**PROBLEM REQUIREMENTS:**
Leaving out the images, repeat all the lines below exactly.

**ENTRIES SHOWN:**
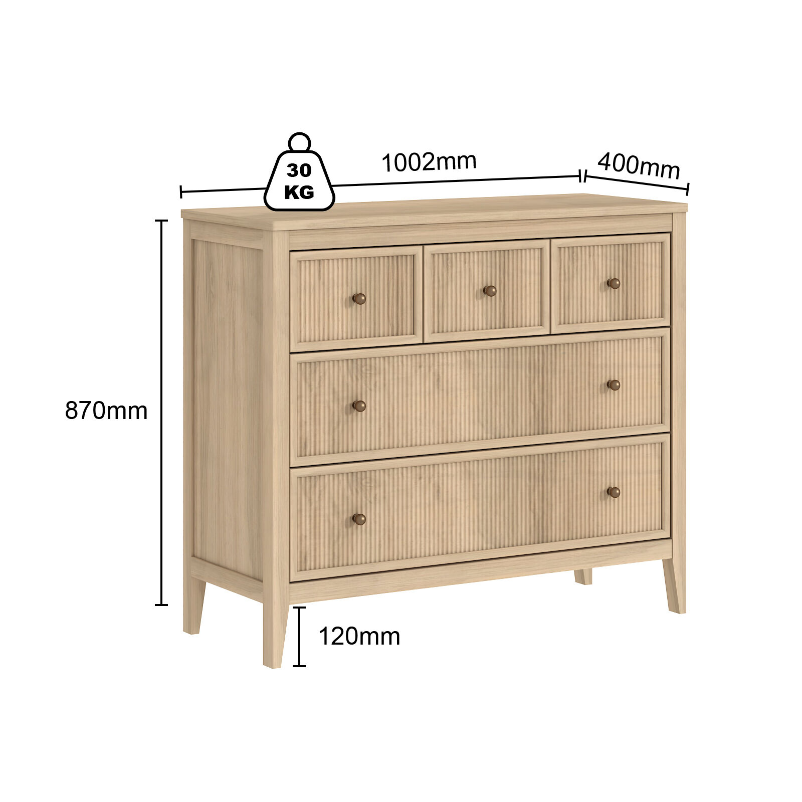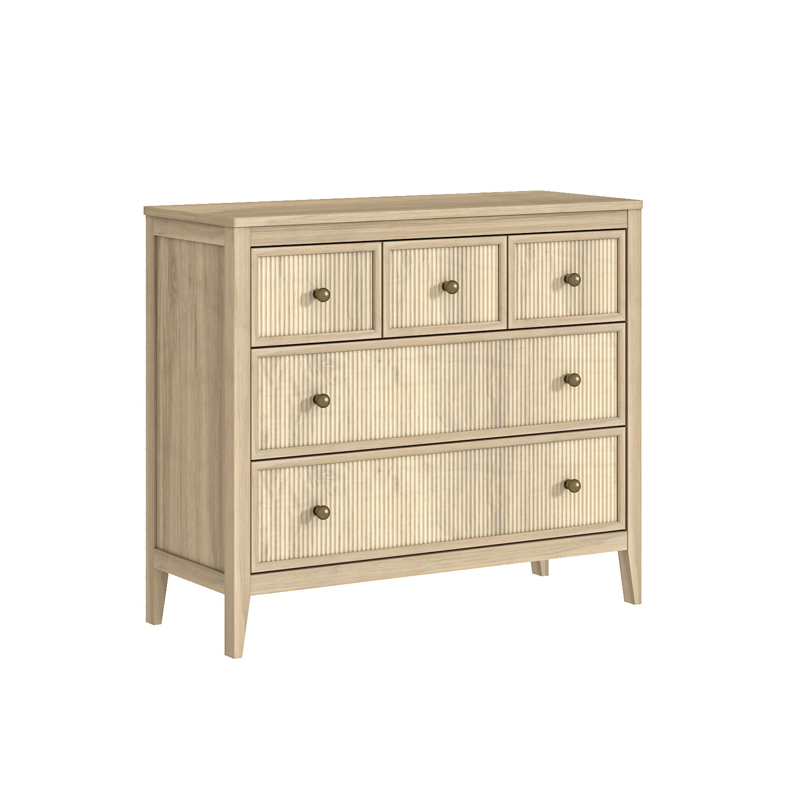 Infuse a touch of unique elegance into your living room, kitchen, dining room, or entryway with this fluted five-drawer chest of drawers. This sophisticated chest of drawers is defined by its unique fluted panel paired with wood grain texture that elevates its premium look, allowing it to seamlessly blend into a variety of home decors.​ This fluted chest of drawers features a practical "3+2" five-drawer configuration: three drawers and two drawers (arranged in a 3+2 layout) offer tiered storage space—perfect for organizing tableware, daily essentials, small kitchen tools, or linen items.
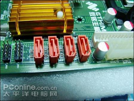 主板扩展部分具备一条PCI-E X16显插槽,2条PCI-E X1和3条传统PCI插槽。此外,主板还提供4个SATA2接口和1个IDE接口。
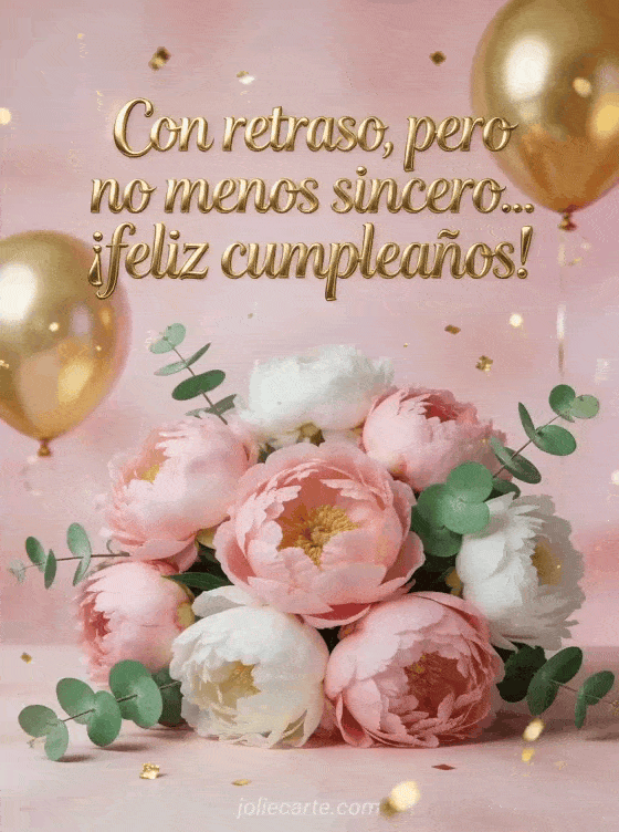 Discúlpate por un cumpleaños olvidado con esta elegante imagen de cumpleaños tarde llena de sinceridad y buenos deseos. Descubre también una tarjeta desear feliz cumpleaños tarde, una tarjeta feliz cumpleaños tarde gato o un gif feliz cumpleaños con retraso.
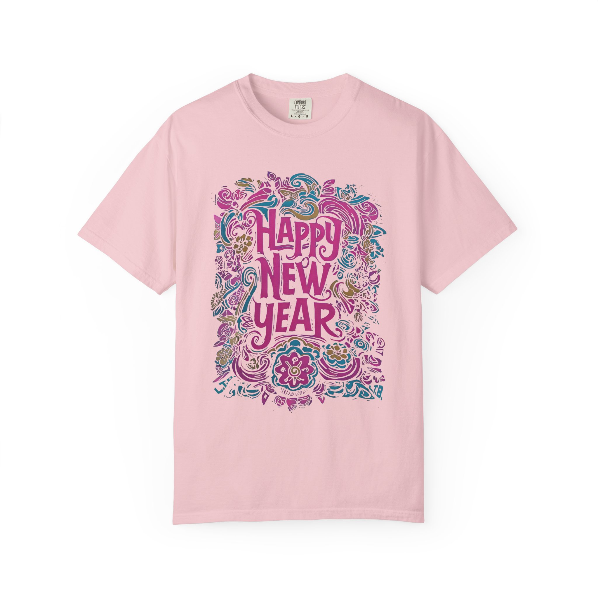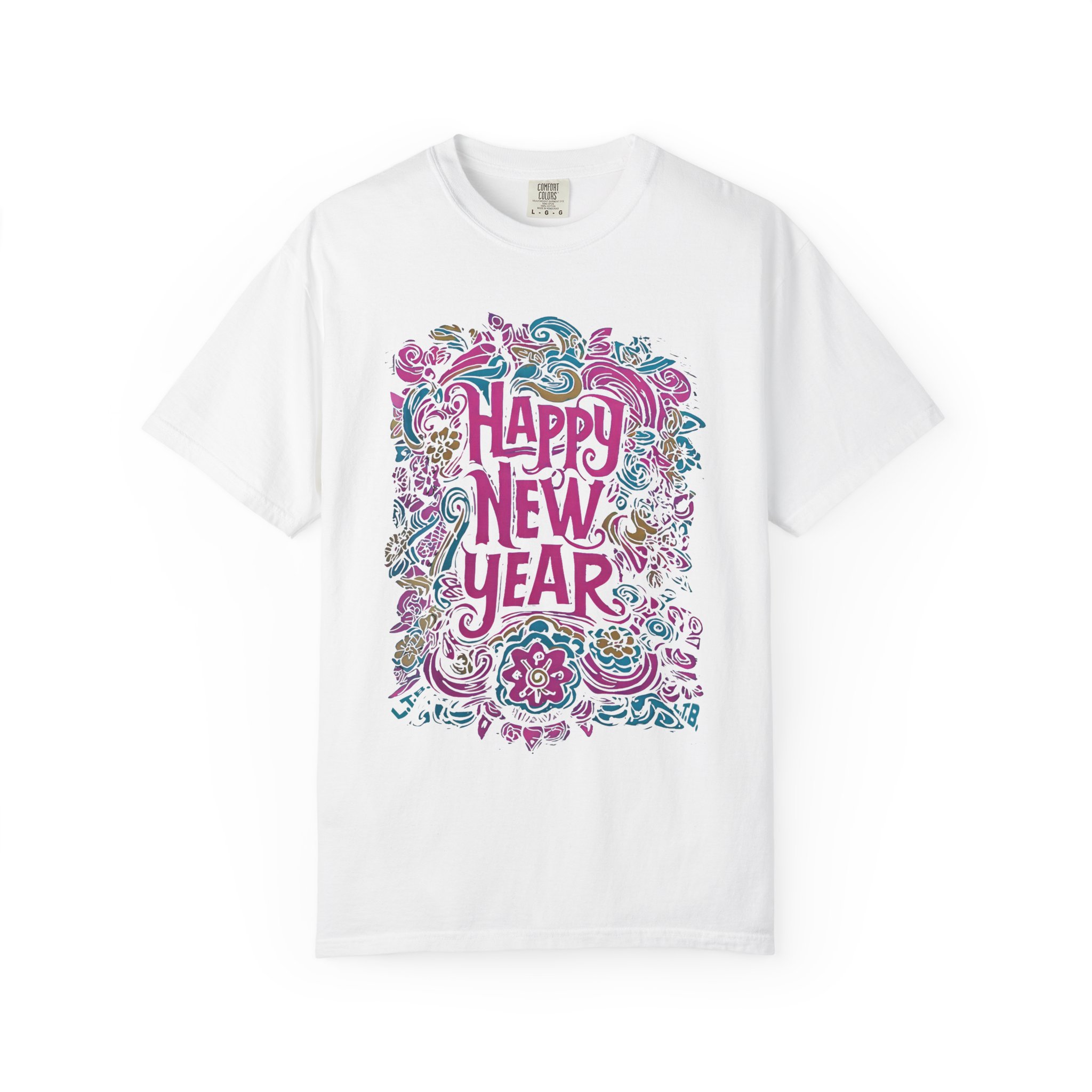 This Happy New Year T-shirt features a hand-drawn typographic message surrounded by intricate ornamental and paisley-inspired folk art details. Rather than an all-over pattern, the design focuses on expressive lettering framed by flowing floral motifs, creating a festive yet artistic composition. The vibrant color palette adds warmth and celebration while keeping the layout balanced and wearable. Designed for New Year gatherings, seasonal events, or as a meaningful holiday gift, this tee offers an art-forward alternative to generic celebration shirts. Created by an independent artist and printed on a soft, comfortable T-shirt, this piece reflects a handcrafted aesthetic rooted in creativity and renewal. Available exclusively at liltokyobeat.com.
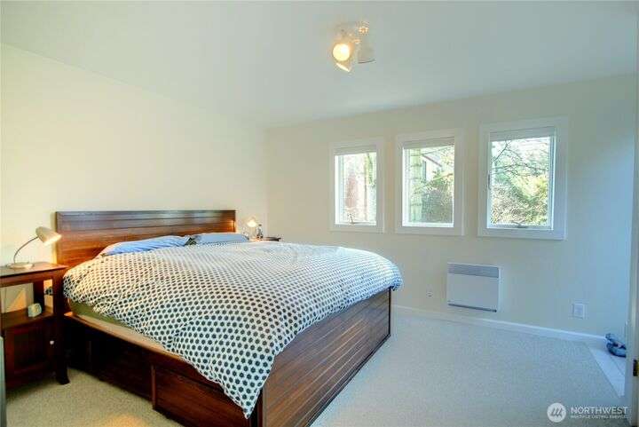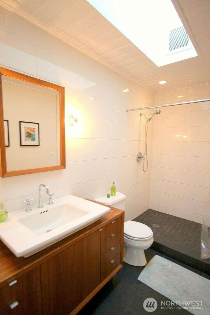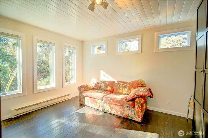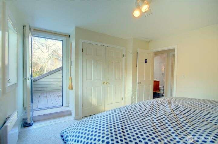 Montlake home with artistic details. Perched off the street to a dead-end road, arrive at this home nestled among the trees. Living room has large floor to ceiling windows for plentiful light and a gas burning stove. Vintage soda fountain stools line the kitchen counter, and French doors lead to the brick pathway from the separate dining room. A full bath, spacious laundry room and bonus niche complete the main level. Upstairs there’s 3 bedrooms, a skylit office, ¾ bath & sun deck. Low maintenance yard & two uncovered parking spaces. Minutes away to the UW, Hospital, University Village, The Arboretum, and some of the best cafes and restaurants in the area. No need to fight traffic for Husky games!1 dog under 25 lbs w/pet deposit
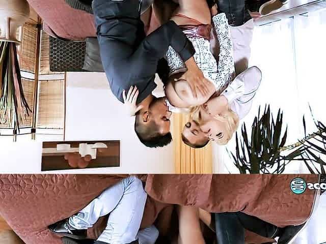 Interracial MMF threesome with a naughty blonde - Kenna James
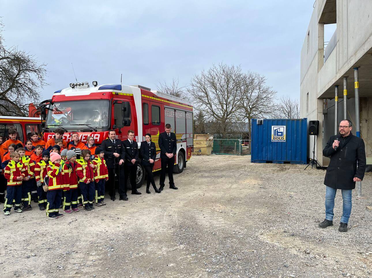 Nach dem traditionellen Richtspruch der Baufirma konnten die Gäste bei einem Rundgang einen ersten Blick auf die Räumlichkeiten werfen und in einem filmischen Rückblick die Baufortschritte nachvollziehen. Der Neubau, geplant vom Architekturbüro ARGE aus Waldkirch, soll sowohl den Anforderungen an moderne Feuerwehreinsätze als auch den Bedürfnissen der Feuerwehrleute gerecht werden. So umfasst das Gebäude Schulungs- und Besprechungsräume, Büros sowie Aufenthaltsbereiche für die Feuerwehrleute. Die Fahrzeughalle verfügt über drei Stellplätze und kann zu einem späteren Zeitpunkt bei Bedarf um einen weiteren Stellplatz nach Osten erweitert werden. Besonderes Augenmerk wird auf eine umweltfreundliche und energieeffiziente Bauweise gelegt. So erhält das Gebäude ein Gründach, auf dem später eine Photovoltaik-Anlage eingerichtet werden kann. Die Energieversorgung erfolgt über eine Wasser-Luft-Wärmepumpe.
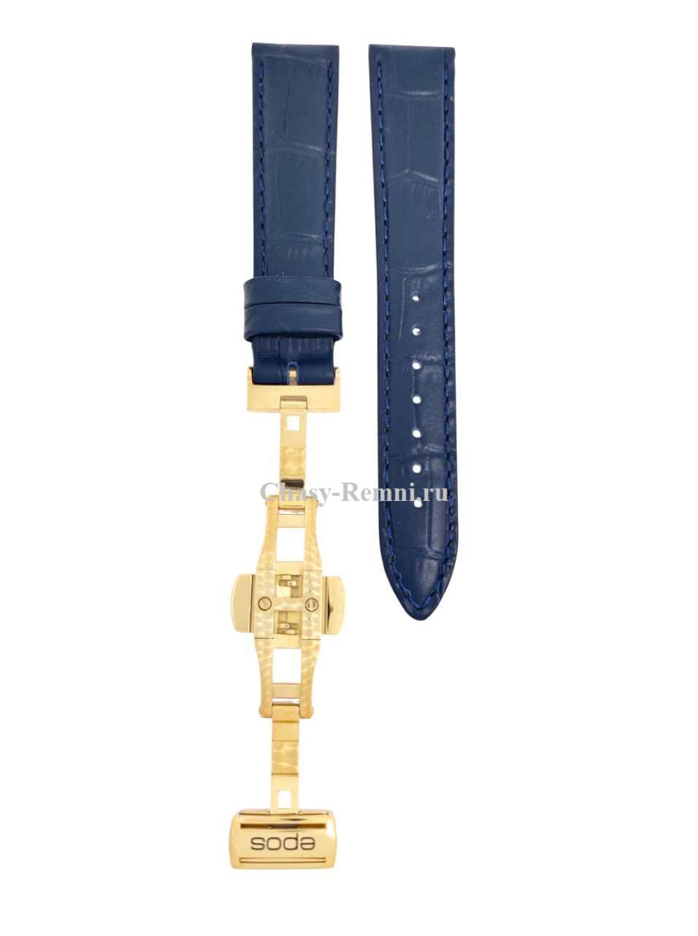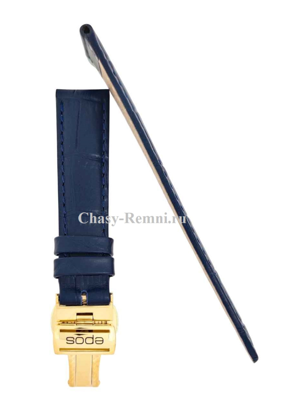 Оригинальный кожаный, синий ремешок EPOS, имитация крокодила, с желтой клипсой. Размер входящий в корпус и на пряжку 16/14 мм. Длина 60*105 мм.
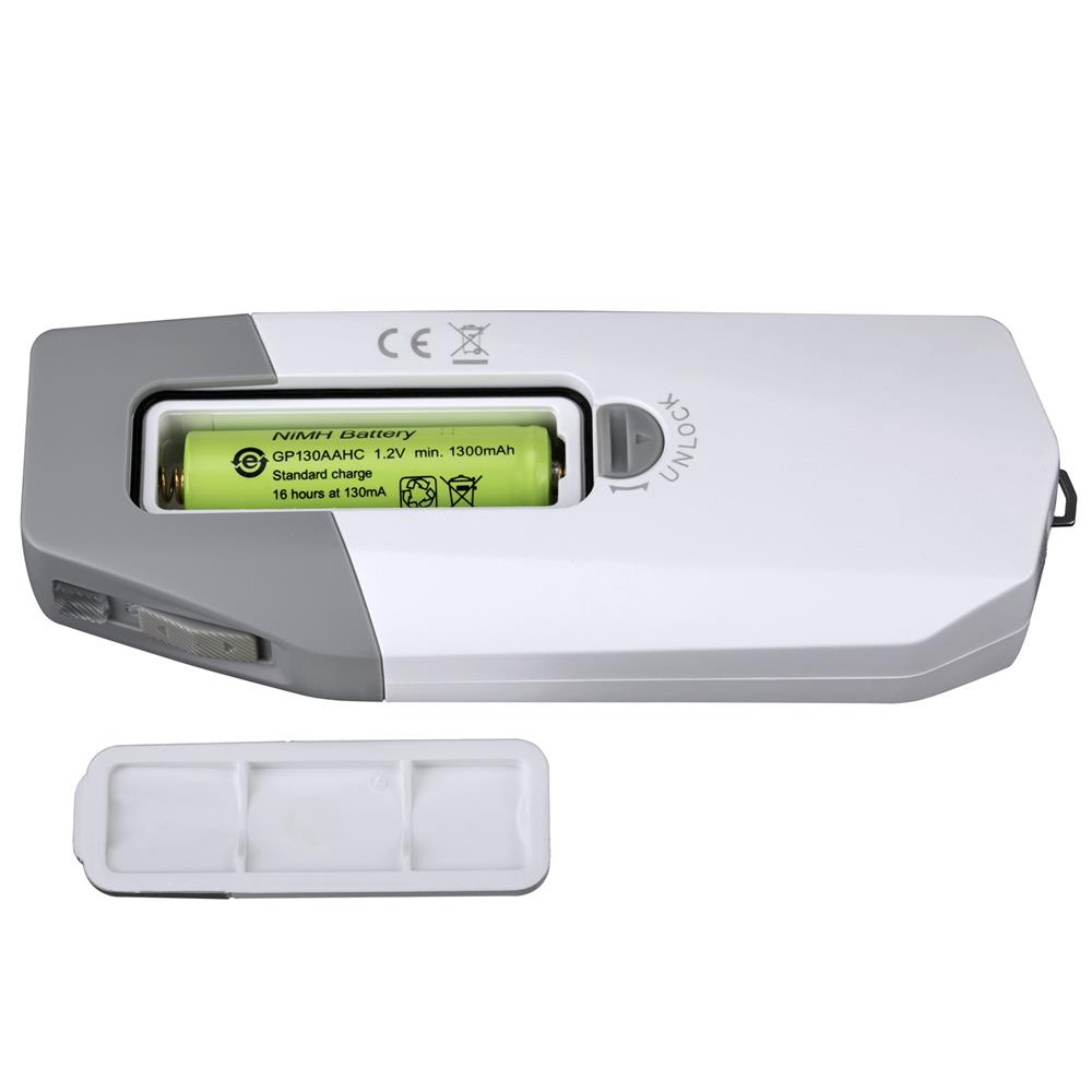 • Stromversorgung auf drei Arten möglich: mit Akku oder AA-Batterie (1x) oder manuell
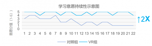 研究中兩組樣本每日學(xué)習(xí)后填寫學(xué)習(xí)意愿量表,共填寫22次,所產(chǎn)生的自身學(xué)習(xí)意愿趨勢如圖所示:VR組平均學(xué)習(xí)意愿為4.7,對照組為2.2,VR組的學(xué)習(xí)意愿更強烈,是對照組的2倍。尤其可以看到隨著時間推移,VR組的學(xué)習(xí)意愿能持續(xù)保持高位。研究人員認(rèn)為依然可能跟VR的沉浸體驗有關(guān)系。(學(xué)習(xí)意愿量表5分制,1-5代表學(xué)習(xí)的意愿程度。)而這一發(fā)現(xiàn)與哈里斯和里德(Harris &Reid, 2005)研究發(fā)現(xiàn)一致:“VR可以提高兒童的學(xué)習(xí)動機水平”。
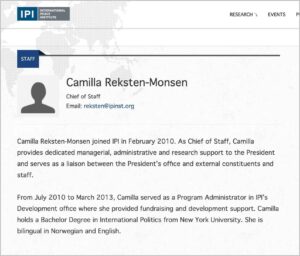 Camilla Reksten-Monsen as she was described on the International Peace Institute’s website until she left the position in 2021.
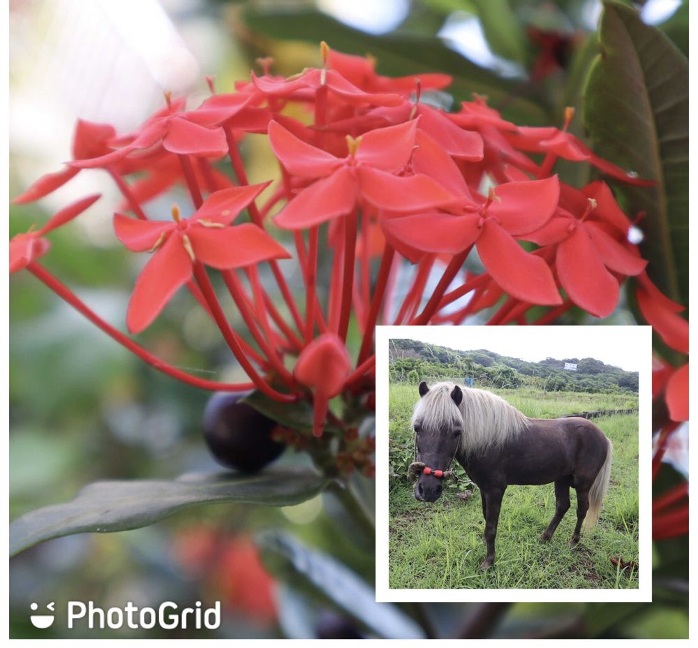 雄馬さん🐴をの鼻輪は山丹花のお花とおそろいの赤🔴🔴
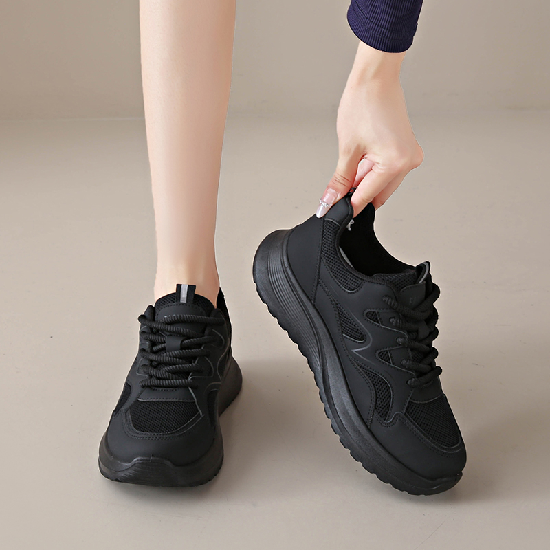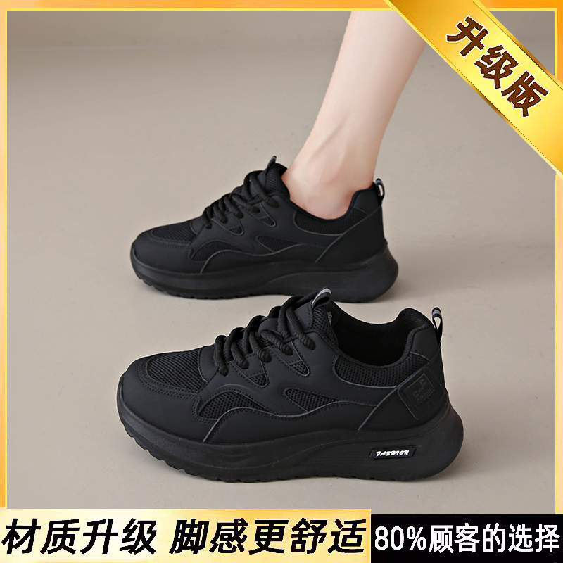 踩屎感软底黑色老爹鞋女2025冬季新款超轻不累脚工作鞋防滑运动鞋

**EXERCISE RESPONSE:**
 Infuse a touch of unique elegance into your living room, kitchen, dining room, or entryway with this fluted five-drawer chest of drawers. This sophisticated chest of drawers is defined by its unique fluted panel paired with wood grain texture that elevates its premium look, allowing it to seamlessly blend into a variety of home decors.​ This fluted chest of drawers features a practical "3+2" five-drawer configuration: three drawers and two drawers (arranged in a 3+2 layout) offer tiered storage space—perfect for organizing tableware, daily essentials, small kitchen tools, or linen items.
 主板扩展部分具备一条PCI-E X16显插槽,2条PCI-E X1和3条传统PCI插槽。此外,主板还提供4个SATA2接口和1个IDE接口。
 Discúlpate por un cumpleaños olvidado con esta elegante imagen de cumpleaños tarde llena de sinceridad y buenos deseos. Descubre también una tarjeta desear feliz cumpleaños tarde, una tarjeta feliz cumpleaños tarde gato o un gif feliz cumpleaños con retraso.
 This Happy New Year T-shirt features a hand-drawn typographic message surrounded by intricate ornamental and paisley-inspired folk art details. Rather than an all-over pattern, the design focuses on expressive lettering framed by flowing floral motifs, creating a festive yet artistic composition. The vibrant color palette adds warmth and celebration while keeping the layout balanced and wearable. Designed for New Year gatherings, seasonal events, or as a meaningful holiday gift, this tee offers an art-forward alternative to generic celebration shirts. Created by an independent artist and printed on a soft, comfortable T-shirt, this piece reflects a handcrafted aesthetic rooted in creativity and renewal. Available exclusively at liltokyobeat.com.
 Montlake home with artistic details. Perched off the street to a dead-end road, arrive at this home nestled among the trees. Living room has large floor to ceiling windows for plentiful light and a gas burning stove. Vintage soda fountain stools line the kitchen counter, and French doors lead to the brick pathway from the separate dining room. A full bath, spacious laundry room and bonus niche complete the main level. Upstairs there’s 3 bedrooms, a skylit office, ¾ bath & sun deck. Low maintenance yard & two uncovered parking spaces. Minutes away to the UW, Hospital, University Village, The Arboretum, and some of the best cafes and restaurants in the area. No need to fight traffic for Husky games!1 dog under 25 lbs w/pet deposit
 Interracial MMF threesome with a naughty blonde - Kenna James
 Nach dem traditionellen Richtspruch der Baufirma konnten die Gäste bei einem Rundgang einen ersten Blick auf die Räumlichkeiten werfen und in einem filmischen Rückblick die Baufortschritte nachvollziehen. Der Neubau, geplant vom Architekturbüro ARGE aus Waldkirch, soll sowohl den Anforderungen an moderne Feuerwehreinsätze als auch den Bedürfnissen der Feuerwehrleute gerecht werden. So umfasst das Gebäude Schulungs- und Besprechungsräume, Büros sowie Aufenthaltsbereiche für die Feuerwehrleute. Die Fahrzeughalle verfügt über drei Stellplätze und kann zu einem späteren Zeitpunkt bei Bedarf um einen weiteren Stellplatz nach Osten erweitert werden. Besonderes Augenmerk wird auf eine umweltfreundliche und energieeffiziente Bauweise gelegt. So erhält das Gebäude ein Gründach, auf dem später eine Photovoltaik-Anlage eingerichtet werden kann. Die Energieversorgung erfolgt über eine Wasser-Luft-Wärmepumpe.
 Оригинальный кожаный, синий ремешок EPOS, имитация крокодила, с желтой клипсой. Размер входящий в корпус и на пряжку 16/14 мм. Длина 60*105 мм.
 • Stromversorgung auf drei Arten möglich: mit Akku oder AA-Batterie (1x) oder manuell
 研究中兩組樣本每日學(xué)習(xí)后填寫學(xué)習(xí)意愿量表,共填寫22次,所產(chǎn)生的自身學(xué)習(xí)意愿趨勢如圖所示:VR組平均學(xué)習(xí)意愿為4.7,對照組為2.2,VR組的學(xué)習(xí)意愿更強烈,是對照組的2倍。尤其可以看到隨著時間推移,VR組的學(xué)習(xí)意愿能持續(xù)保持高位。研究人員認(rèn)為依然可能跟VR的沉浸體驗有關(guān)系。(學(xué)習(xí)意愿量表5分制,1-5代表學(xué)習(xí)的意愿程度。)而這一發(fā)現(xiàn)與哈里斯和里德(Harris &Reid, 2005)研究發(fā)現(xiàn)一致:“VR可以提高兒童的學(xué)習(xí)動機水平”。
 Camilla Reksten-Monsen as she was described on the International Peace Institute’s website until she left the position in 2021.
 雄馬さん🐴をの鼻輪は山丹花のお花とおそろいの赤🔴🔴
 踩屎感软底黑色老爹鞋女2025冬季新款超轻不累脚工作鞋防滑运动鞋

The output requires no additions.